1 Grill inner cylinder 2 Grill outer cylinder 3 Rectifier net a, b Ventilation path exit length sa, sb Main ventilation path exit length sa ', sb' Main ventilation path entrance length ta, tb Secondary ventilation path exit length ta ', tb' Sub inlet area of the outlet area Ami main ventilation channel of air passage inlet length V ₂ sub air passage flow rate of the air Asi passing through the flow velocity V ₁ main air passage outlet of the air passing through the outlet sub air passage inlet area Aso sub ventilation channel of Amo Exit area of main ventilation path

Claims (2)

[Claims] 1. A grill inner cylinder having an outer shape of a truncated quadrangular pyramid, and a grill outer cylinder surrounding the grill inner cylinder with a ventilation passage outlet length of a, b (where a ≧ b) is a rectangular cross section. The main ventilation path exit length is sa and sb, and the main ventilation path entrance length is s
The main ventilation passages a ′ and sb ′ are formed in the inner cylinder of the grill, the exit lengths of the sub ventilation passages are ta and tb, and the entrance lengths of the sub ventilation passages are ta ′ and t.

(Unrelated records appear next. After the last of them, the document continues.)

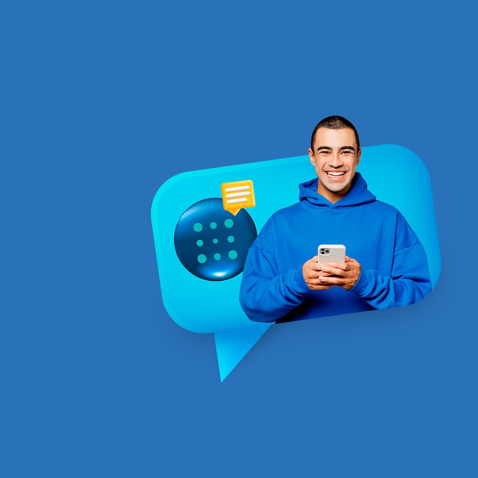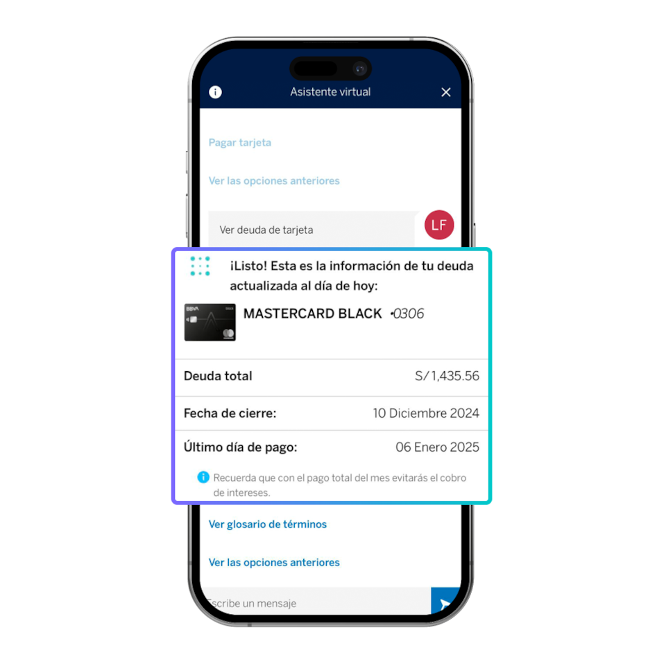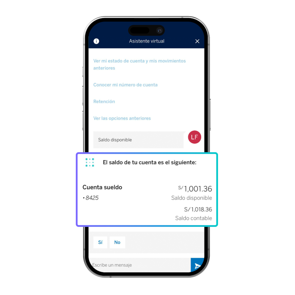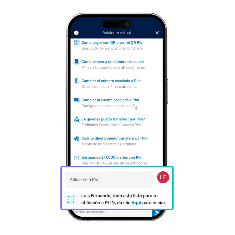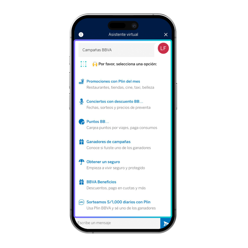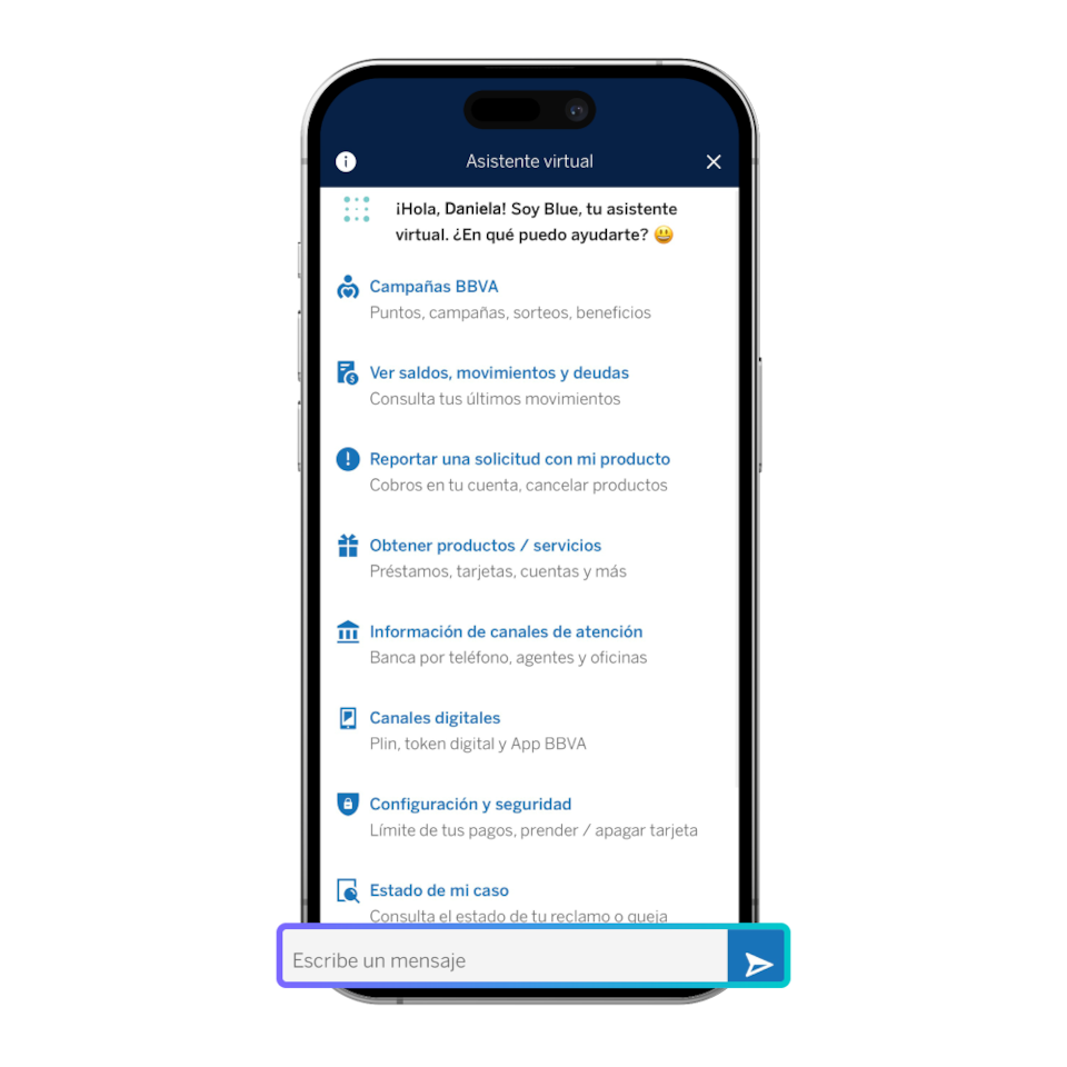 Blue es el asistente virtual de BBVA, siempre listo para ayudarte con tus dudas sobre productos, servicios y canales de atención. También te ofrece asesoría en tiempo real para realizar tus operaciones de manera sencilla y rápida.
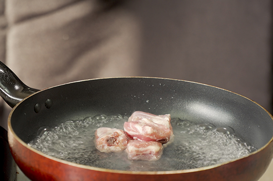 2、起锅烧水,水烧开后放入排骨、料酒焯去血水,再捞出洗净备用。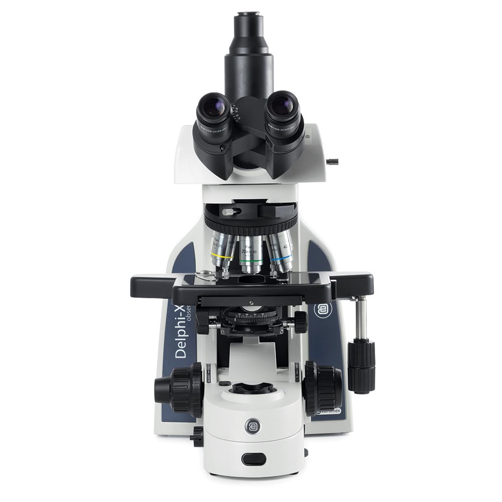 The Euromex Delphi-X Observer Compound Microscope is a state-of-the-art microscope for advanced life science applications. Outstanding optical performance with 25mm field of view and high numerical aperture of the Plan 60mm parfocal EIS objectives enable perfect observations, color rendering at high resolving power.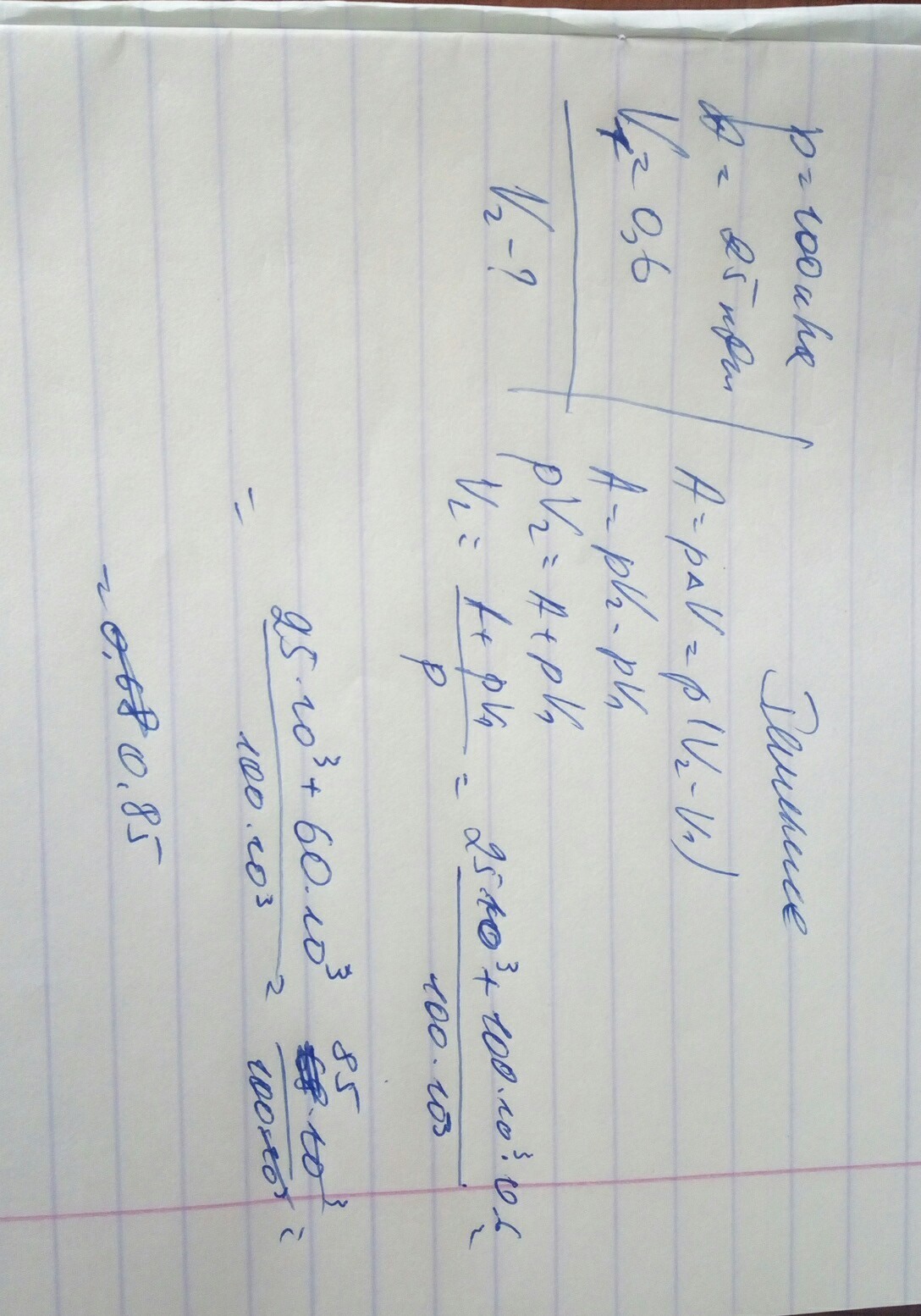 При постоянном давлении, равном 100кПа, газ расширился, совершив работу 25кДж. Каким стал объем газа, если до расширения он занимал 0,6 м^3?
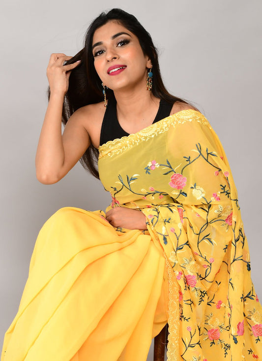 Trendy Saree Georgette Mustard Embroidered Saree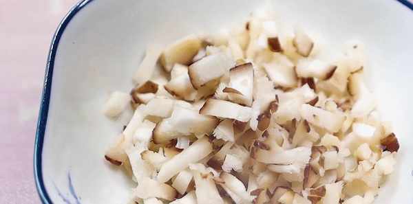香菇切成薄片,再切成香菇丁,放进碗里备用。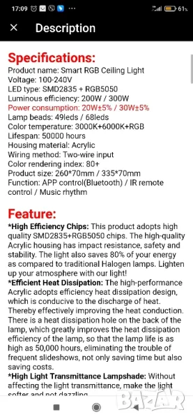 Продава се чисто нова Bluetooth лампа. Закупена е от интернет магазин ,но така и не и дойде реда да се постави. На малката й мина мерака.300w, Размери: 335мм/ 70мм68 бр. лед,С дистанционно за управление на цветовете и силата на звука и песните.За повече информация можете да ми пишете на съобщение.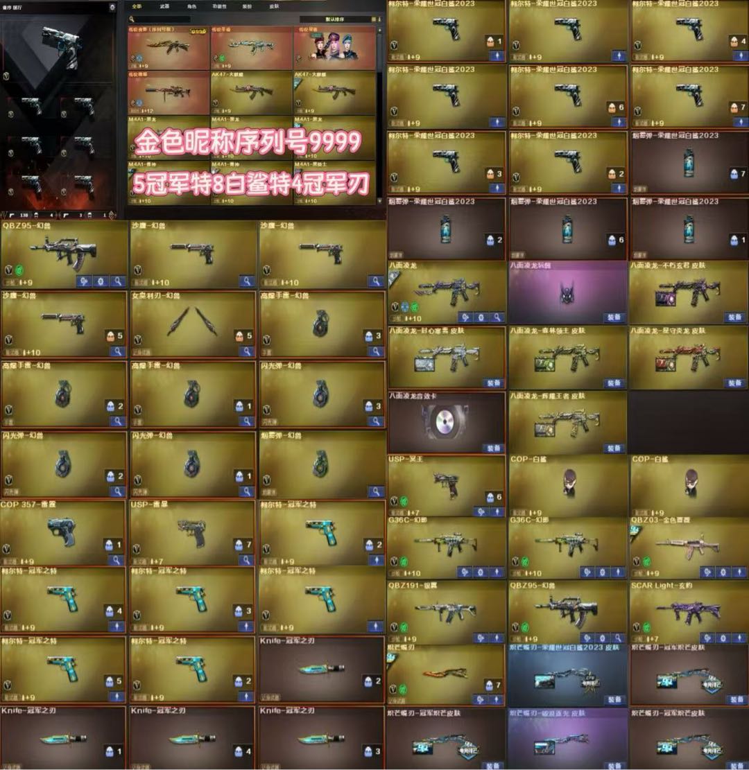 EP全套序列号9999金色昵称3套幻兽传说幽瞳5冠军特8白鲨特4冠军小刀满皮肤8面

b ′ is formed between the grill inner cylinder and the grill outer cylinder, and the sub-flow velocity ratio V ₂ / V ₁ , that is, (flow velocity V _{2 of} air passing through the sub-air outlet) / set (main air passage air flow rate V ₁ passing through the outlet) in the range of 0.45 to 0.55, and, side-stream thickness ratio ta / a = tb / b, i.e., (sub air passage outlet An outlet grill, wherein (length ta) / (air passage outlet length a) = (sub air passage outlet length tb) / (air passage outlet length b) is in the range of 0.21 to 0.28. 2. The sub-flow velocity ratio V ₂ / V ₁ is a ratio of the entrance area and the exit area of the main ventilation path and the sub-ventilation path, that is, (the entrance area Asi of the sub-ventilation path / the sub ventilation path). Is determined by the following formula: (Exit area Aso) / (entrance area Ami of main ventilation path / exit area Amo of main ventilation path). This (the entrance area Asi of sub ventilation path / exit area Aso of sub ventilation path) / (of the main ventilation path) The sub ventilation path entrance lengths ta ′ and tb ′ and the main ventilation path entrance lengths sa ′ and sb ′ are set so that the entrance area Ami / the exit area Amo of the main ventilation path is in the range of 0.45 to 0.55. The blow-off grill according to claim 1, which is set.